* _ABOUT THIS EXERCISE_: The expected result is a verbatim repetition of the lines from the start of the entries through the line containing "HubuHost是来自德国奥", with the pictures removed.

━━━━━━━━━━━━━━━━

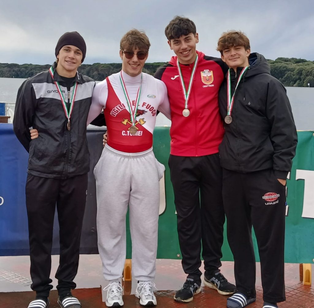 Tra i risultati più significativi del weekend spicca il podio del Gruppo Sportivo Vigili del Fuoco “Tomei” di Livorno, protagonista nel quattro senza maschile Under 19. L’equipaggio composto da: Gabriele Langella, Riccardo De Girolamo, Diego Caruso, Tommaso Spagnoli ha conquistato una splendida medaglia di bronzo, chiudendo alle spalle del CC Saturnia, vincitore del titolo, e del CUS Bari, secondo classificato.
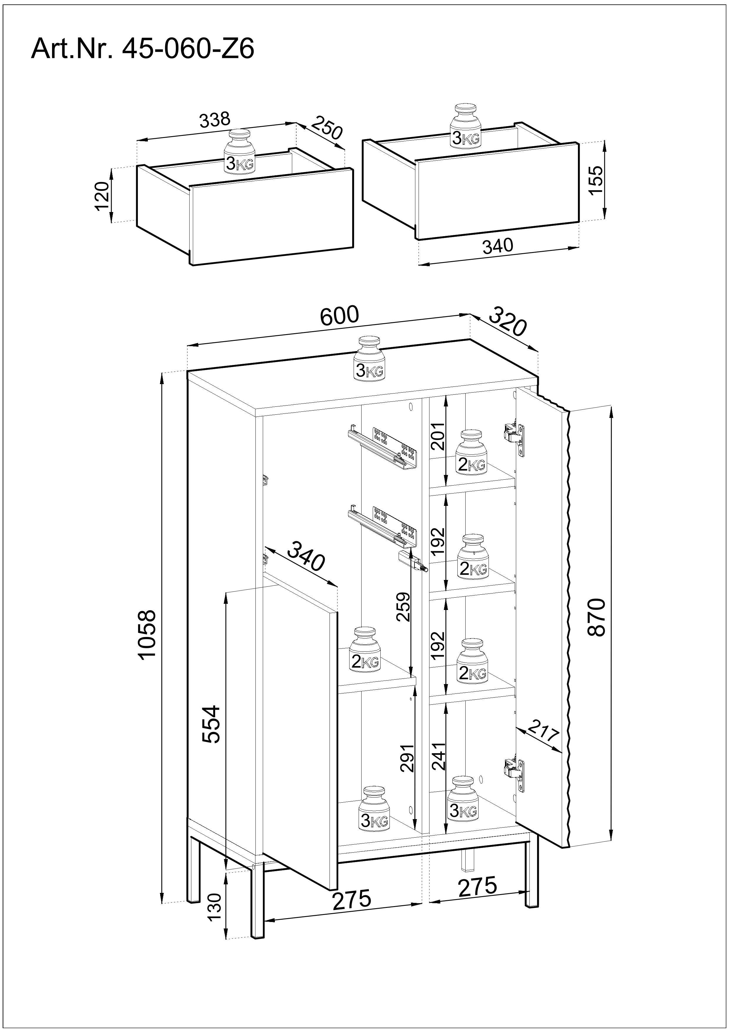 | Maße: | B/H/T ca. 60/106/32 cm | ||
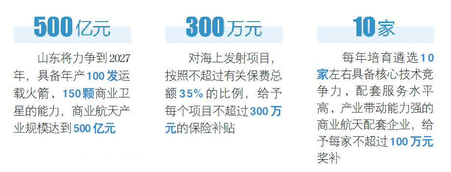 据介绍,瞄准巩固东方航天港的“海上发射优势”和全省的“液体火箭试验优势”,山东将着力提升火箭制造能力和新型火箭研发能力,推动火箭航班化发射。对海上发射项目,按照不超过有关保费总额35%的比例,给予每个项目不超过300万元的保险补贴。突出“航天应用+大数据+人工智能”融合发展,对符合相关规定的卫星数据算力交易场景和卫星应用大模型产品,分别给予每个不超过500万元和100万元奖补。
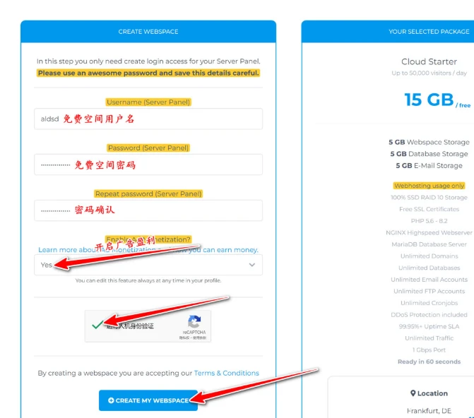 HubuHost是来自德国奥斯纳布吕克的一家初创公司DeepSheep推出的免费空间服务,服务器位置可选德国法兰克福和美国密苏里,每位用户可根据你的需求选择15-60GB容量大小的免费空间,采用RAID10固态硬盘,无限制流量,1Gbps带宽端口,DDoS保护,99.95%正常运行时间保障,自动部署免费SSL证书。HubuHost免费空间基于NGINX环境,支持PHP(可切换版本),可创建无限MySQL数据库(MariaDB),绑定域名数量、FTP数量、邮箱数量、Cronjobs数量均不做限制。
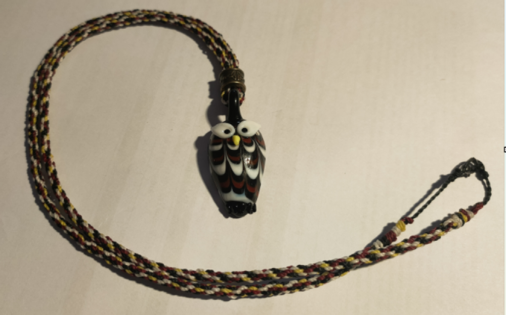 J'ai travaillé autour du pendentif en verre, représentant une chouette ou un hibou. J'aime bien les couleurs et ses grands yeux blancs.
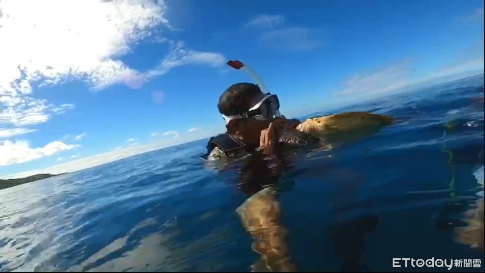 曾教練指出,當他回程繼續教學時,一下水又發現有一隻綠蠵龜誤觸「同個漁網」,因此趕緊拿出小刀割破,將綠蠵龜救出,讓其游回海中,並與學員將剩餘漁網帶往岸上,而他也呼籲相關單位應重視「漁網實名制」避免危害海洋生物。
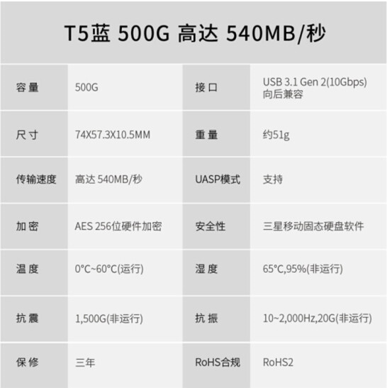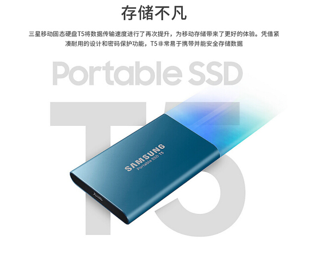 三星(SAMSUNG) 固態移動硬盤T5 PSSD 5T5 移動固態硬盤(珊瑚藍) 500G

━━━━━━━━━━━━━━━━

* _COMPLETED TASK_:
 Tra i risultati più significativi del weekend spicca il podio del Gruppo Sportivo Vigili del Fuoco “Tomei” di Livorno, protagonista nel quattro senza maschile Under 19. L’equipaggio composto da: Gabriele Langella, Riccardo De Girolamo, Diego Caruso, Tommaso Spagnoli ha conquistato una splendida medaglia di bronzo, chiudendo alle spalle del CC Saturnia, vincitore del titolo, e del CUS Bari, secondo classificato.
 | Maße: | B/H/T ca. 60/106/32 cm | ||
 据介绍,瞄准巩固东方航天港的“海上发射优势”和全省的“液体火箭试验优势”,山东将着力提升火箭制造能力和新型火箭研发能力,推动火箭航班化发射。对海上发射项目,按照不超过有关保费总额35%的比例,给予每个项目不超过300万元的保险补贴。突出“航天应用+大数据+人工智能”融合发展,对符合相关规定的卫星数据算力交易场景和卫星应用大模型产品,分别给予每个不超过500万元和100万元奖补。
 HubuHost是来自德国奥斯纳布吕克的一家初创公司DeepSheep推出的免费空间服务,服务器位置可选德国法兰克福和美国密苏里,每位用户可根据你的需求选择15-60GB容量大小的免费空间,采用RAID10固态硬盘,无限制流量,1Gbps带宽端口,DDoS保护,99.95%正常运行时间保障,自动部署免费SSL证书。HubuHost免费空间基于NGINX环境,支持PHP(可切换版本),可创建无限MySQL数据库(MariaDB),绑定域名数量、FTP数量、邮箱数量、Cronjobs数量均不做限制。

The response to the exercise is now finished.